_What you will do:_ For the material that follows, return exactly the lines from the one with "Maria La Rosa Ladies" through the one with "晚会在音乐学院张恒铭带来的歌", both ends included.

::: Supplied data

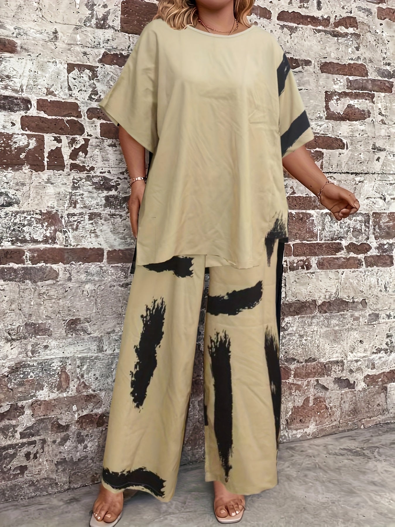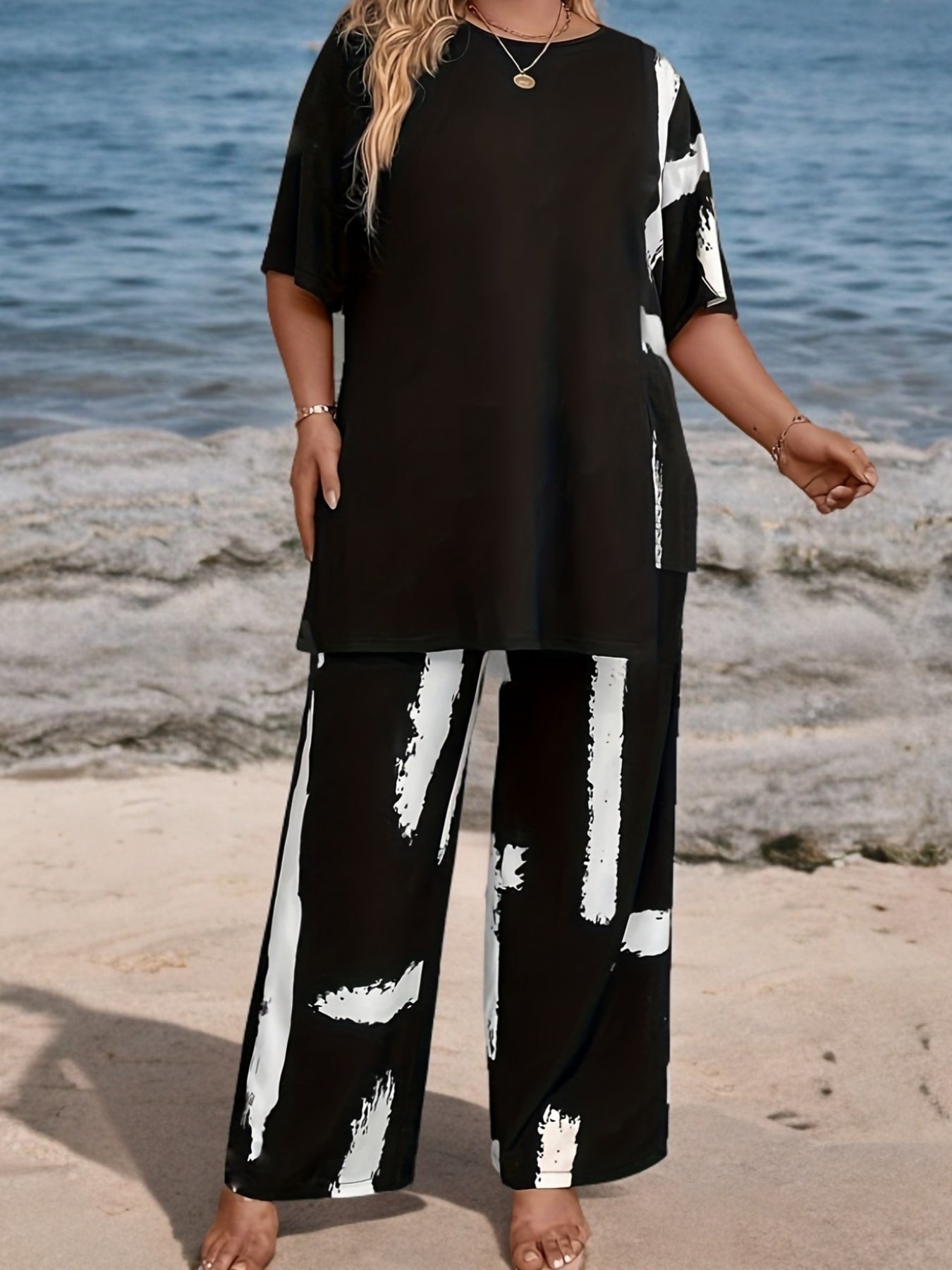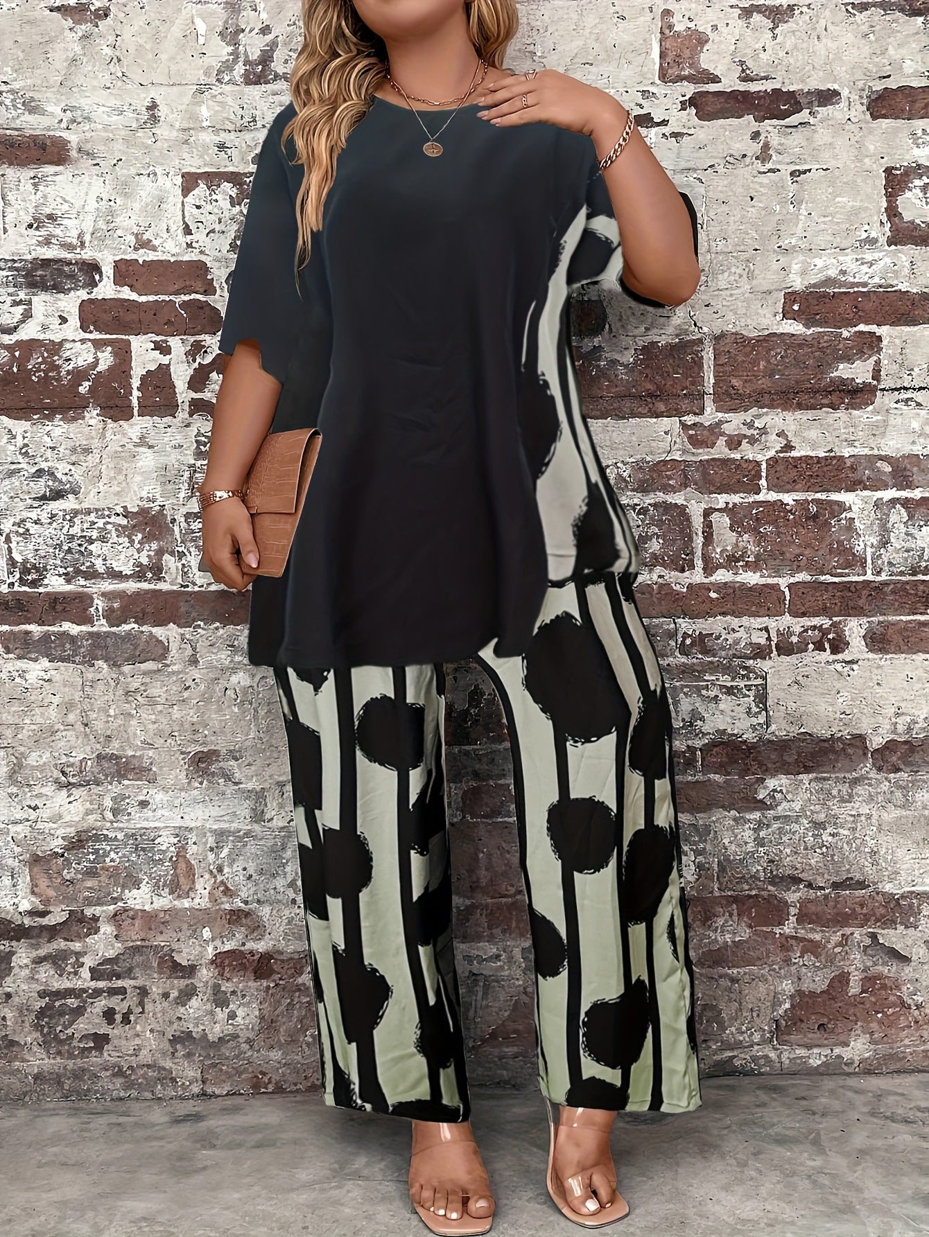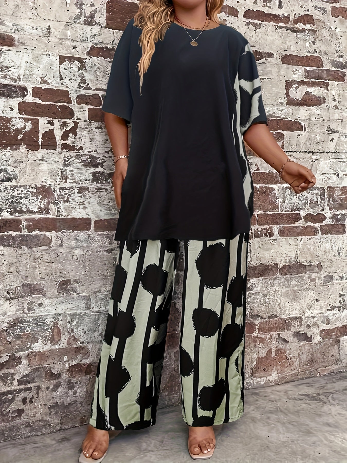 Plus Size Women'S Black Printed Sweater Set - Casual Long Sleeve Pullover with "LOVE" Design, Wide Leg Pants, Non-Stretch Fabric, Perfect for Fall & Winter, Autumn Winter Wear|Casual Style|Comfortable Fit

::::::
::: Supplied data

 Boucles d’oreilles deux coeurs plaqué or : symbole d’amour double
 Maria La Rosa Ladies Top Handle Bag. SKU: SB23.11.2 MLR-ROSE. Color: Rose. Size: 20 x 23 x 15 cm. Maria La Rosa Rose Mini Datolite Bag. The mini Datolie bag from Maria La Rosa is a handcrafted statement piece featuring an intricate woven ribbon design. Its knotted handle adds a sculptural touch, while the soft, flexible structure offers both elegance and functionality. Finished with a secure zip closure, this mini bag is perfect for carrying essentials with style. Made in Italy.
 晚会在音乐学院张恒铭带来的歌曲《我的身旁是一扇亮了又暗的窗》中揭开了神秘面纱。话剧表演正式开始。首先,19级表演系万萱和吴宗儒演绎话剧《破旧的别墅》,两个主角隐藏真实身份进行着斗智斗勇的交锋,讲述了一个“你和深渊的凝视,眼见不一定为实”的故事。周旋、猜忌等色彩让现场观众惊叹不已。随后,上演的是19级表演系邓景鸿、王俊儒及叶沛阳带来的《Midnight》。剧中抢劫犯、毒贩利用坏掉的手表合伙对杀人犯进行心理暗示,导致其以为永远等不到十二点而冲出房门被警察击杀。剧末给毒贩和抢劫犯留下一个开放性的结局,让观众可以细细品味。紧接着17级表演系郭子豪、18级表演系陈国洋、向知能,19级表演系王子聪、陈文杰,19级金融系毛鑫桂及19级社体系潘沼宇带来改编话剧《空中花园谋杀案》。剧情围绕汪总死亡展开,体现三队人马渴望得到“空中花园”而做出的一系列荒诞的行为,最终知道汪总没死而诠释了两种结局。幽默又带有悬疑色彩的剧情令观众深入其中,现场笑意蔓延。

::::::

_Written answer:_
 Maria La Rosa Ladies Top Handle Bag. SKU: SB23.11.2 MLR-ROSE. Color: Rose. Size: 20 x 23 x 15 cm. Maria La Rosa Rose Mini Datolite Bag. The mini Datolie bag from Maria La Rosa is a handcrafted statement piece featuring an intricate woven ribbon design. Its knotted handle adds a sculptural touch, while the soft, flexible structure offers both elegance and functionality. Finished with a secure zip closure, this mini bag is perfect for carrying essentials with style. Made in Italy.
 晚会在音乐学院张恒铭带来的歌曲《我的身旁是一扇亮了又暗的窗》中揭开了神秘面纱。话剧表演正式开始。首先,19级表演系万萱和吴宗儒演绎话剧《破旧的别墅》,两个主角隐藏真实身份进行着斗智斗勇的交锋,讲述了一个“你和深渊的凝视,眼见不一定为实”的故事。周旋、猜忌等色彩让现场观众惊叹不已。随后,上演的是19级表演系邓景鸿、王俊儒及叶沛阳带来的《Midnight》。剧中抢劫犯、毒贩利用坏掉的手表合伙对杀人犯进行心理暗示,导致其以为永远等不到十二点而冲出房门被警察击杀。剧末给毒贩和抢劫犯留下一个开放性的结局,让观众可以细细品味。紧接着17级表演系郭子豪、18级表演系陈国洋、向知能,19级表演系王子聪、陈文杰,19级金融系毛鑫桂及19级社体系潘沼宇带来改编话剧《空中花园谋杀案》。剧情围绕汪总死亡展开,体现三队人马渴望得到“空中花园”而做出的一系列荒诞的行为,最终知道汪总没死而诠释了两种结局。幽默又带有悬疑色彩的剧情令观众深入其中,现场笑意蔓延。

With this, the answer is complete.